Clinical presentation
Patients with infections due to S. intermedius usually present nonspecific symptoms such as fever, chills, and general discomfort among the cases described. However, additionally, patients would exhibit symptoms related to the body side affected by it, for example, seizures, headaches, nausea and vomiting in brain abscesses10,11 or cough, sputum production, shortness of breath, and hemoptysis in pneumonia, empyema, and lung abscesses5,12,13, which are uncommon clinical complications from S. intermedius with few cases currently described (Table 1). Moreover, chest pain, chest distress, and even respiratory failure have been described in pleural effusion and mediastinal abscess due to SAG, besides, odynophagia and cervicodynia in oropharynx infections2.

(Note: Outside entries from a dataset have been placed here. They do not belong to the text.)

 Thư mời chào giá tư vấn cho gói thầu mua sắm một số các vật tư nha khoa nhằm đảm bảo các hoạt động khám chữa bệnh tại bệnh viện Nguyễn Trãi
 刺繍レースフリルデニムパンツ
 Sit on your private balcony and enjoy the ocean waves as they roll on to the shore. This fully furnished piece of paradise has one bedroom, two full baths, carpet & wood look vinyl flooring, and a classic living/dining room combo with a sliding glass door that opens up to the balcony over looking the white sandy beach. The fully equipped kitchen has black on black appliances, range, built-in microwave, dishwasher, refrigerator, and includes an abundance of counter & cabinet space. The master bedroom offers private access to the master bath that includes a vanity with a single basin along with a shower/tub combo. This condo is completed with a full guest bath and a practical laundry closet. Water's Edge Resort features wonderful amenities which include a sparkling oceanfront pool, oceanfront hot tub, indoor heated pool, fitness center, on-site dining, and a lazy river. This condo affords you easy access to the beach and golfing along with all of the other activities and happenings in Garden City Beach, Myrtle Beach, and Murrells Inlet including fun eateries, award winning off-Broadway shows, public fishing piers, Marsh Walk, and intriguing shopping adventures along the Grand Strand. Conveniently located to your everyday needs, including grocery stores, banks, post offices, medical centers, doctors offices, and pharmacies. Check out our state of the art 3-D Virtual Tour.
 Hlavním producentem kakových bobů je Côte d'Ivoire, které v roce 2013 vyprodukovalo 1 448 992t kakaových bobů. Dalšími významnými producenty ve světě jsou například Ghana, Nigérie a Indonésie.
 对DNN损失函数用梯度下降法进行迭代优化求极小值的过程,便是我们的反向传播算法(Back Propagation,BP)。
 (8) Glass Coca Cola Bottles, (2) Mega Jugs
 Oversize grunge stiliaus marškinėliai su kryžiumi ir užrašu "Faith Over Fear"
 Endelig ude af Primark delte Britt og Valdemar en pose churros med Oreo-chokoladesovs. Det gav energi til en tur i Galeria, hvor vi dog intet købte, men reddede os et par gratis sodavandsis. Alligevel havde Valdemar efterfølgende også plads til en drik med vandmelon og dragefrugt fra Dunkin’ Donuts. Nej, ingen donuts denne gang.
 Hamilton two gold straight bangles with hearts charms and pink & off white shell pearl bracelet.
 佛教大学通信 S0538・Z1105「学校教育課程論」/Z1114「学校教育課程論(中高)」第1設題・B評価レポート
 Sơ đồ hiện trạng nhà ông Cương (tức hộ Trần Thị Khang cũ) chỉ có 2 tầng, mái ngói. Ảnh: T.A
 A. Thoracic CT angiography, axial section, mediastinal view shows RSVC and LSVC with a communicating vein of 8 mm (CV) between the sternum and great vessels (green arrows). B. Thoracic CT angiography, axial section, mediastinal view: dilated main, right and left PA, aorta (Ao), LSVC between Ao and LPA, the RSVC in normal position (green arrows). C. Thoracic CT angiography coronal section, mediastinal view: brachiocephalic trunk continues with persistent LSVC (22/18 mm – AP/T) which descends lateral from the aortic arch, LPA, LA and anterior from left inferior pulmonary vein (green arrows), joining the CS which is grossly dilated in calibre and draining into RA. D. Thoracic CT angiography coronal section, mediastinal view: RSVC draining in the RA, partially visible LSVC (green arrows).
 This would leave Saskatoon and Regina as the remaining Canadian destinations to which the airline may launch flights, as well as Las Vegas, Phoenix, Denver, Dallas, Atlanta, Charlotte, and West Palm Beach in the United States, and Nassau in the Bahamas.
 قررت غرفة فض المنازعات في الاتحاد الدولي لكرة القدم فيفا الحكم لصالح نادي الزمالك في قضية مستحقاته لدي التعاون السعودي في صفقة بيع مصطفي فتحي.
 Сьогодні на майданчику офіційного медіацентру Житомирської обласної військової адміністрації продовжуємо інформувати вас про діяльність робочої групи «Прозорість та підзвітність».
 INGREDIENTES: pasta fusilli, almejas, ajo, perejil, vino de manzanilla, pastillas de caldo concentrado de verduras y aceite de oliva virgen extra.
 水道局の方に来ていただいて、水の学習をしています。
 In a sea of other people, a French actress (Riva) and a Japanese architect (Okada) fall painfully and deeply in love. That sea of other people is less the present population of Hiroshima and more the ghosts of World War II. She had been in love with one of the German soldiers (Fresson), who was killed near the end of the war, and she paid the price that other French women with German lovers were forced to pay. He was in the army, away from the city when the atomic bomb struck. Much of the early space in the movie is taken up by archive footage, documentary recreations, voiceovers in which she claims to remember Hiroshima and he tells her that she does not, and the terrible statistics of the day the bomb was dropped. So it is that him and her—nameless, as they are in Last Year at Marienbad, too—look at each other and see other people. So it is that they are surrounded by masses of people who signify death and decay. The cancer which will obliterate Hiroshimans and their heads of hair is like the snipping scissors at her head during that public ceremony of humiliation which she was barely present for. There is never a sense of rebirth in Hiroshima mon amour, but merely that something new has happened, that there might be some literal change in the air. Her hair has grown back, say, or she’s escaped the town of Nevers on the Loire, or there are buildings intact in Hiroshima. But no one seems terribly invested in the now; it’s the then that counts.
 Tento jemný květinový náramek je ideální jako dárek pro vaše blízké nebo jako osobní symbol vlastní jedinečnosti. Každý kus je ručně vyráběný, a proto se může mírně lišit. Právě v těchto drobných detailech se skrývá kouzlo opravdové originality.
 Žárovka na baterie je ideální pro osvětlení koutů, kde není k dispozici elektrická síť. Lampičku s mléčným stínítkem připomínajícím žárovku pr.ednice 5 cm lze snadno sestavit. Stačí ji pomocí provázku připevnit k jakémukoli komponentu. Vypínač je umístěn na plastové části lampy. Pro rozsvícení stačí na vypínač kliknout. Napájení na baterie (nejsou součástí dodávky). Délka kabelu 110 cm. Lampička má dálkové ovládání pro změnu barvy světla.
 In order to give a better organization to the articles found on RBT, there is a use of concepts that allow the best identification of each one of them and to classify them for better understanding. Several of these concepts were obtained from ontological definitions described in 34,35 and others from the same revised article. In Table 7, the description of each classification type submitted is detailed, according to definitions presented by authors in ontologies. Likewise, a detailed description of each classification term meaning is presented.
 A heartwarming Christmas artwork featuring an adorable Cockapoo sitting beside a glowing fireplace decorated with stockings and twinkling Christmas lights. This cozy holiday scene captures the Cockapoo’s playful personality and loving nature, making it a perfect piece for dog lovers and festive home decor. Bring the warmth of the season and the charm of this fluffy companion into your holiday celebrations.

Also, it has been described with Haemophilus parainfluenzae as the causative pathogens in a pulmonary abscess in a 75-year-old man14. Besides, other rare infections in body sites due to S. intermedius have been described, such as a recently described case in which discitis was reported due to contiguous infection due to a lung abscess of the posterior right lower lobe due to S. intermedius15. It has also been described as a causative pathogen in Lemierre syndrome in a 21-year-old man with S. intermedius bacteremia16 and in a 29-year-old woman who developed multiple lung abscesses secondary to a uterine empyema caused by an intrauterine device with the S. milleri group as the causative agent isolated17. Furthermore, isolated pulmonary nodules and infective endocarditis due to S. intermedius have also been described4,18,19. In our case, blood cultures were performed with a negative result, and no signs or symptoms related to probable or confirmed endocarditis were found. Moreover, a left thoracic artery pseudoaneurysm has been described as a secondary complication of a lung abscess in a 66-year-old man 20.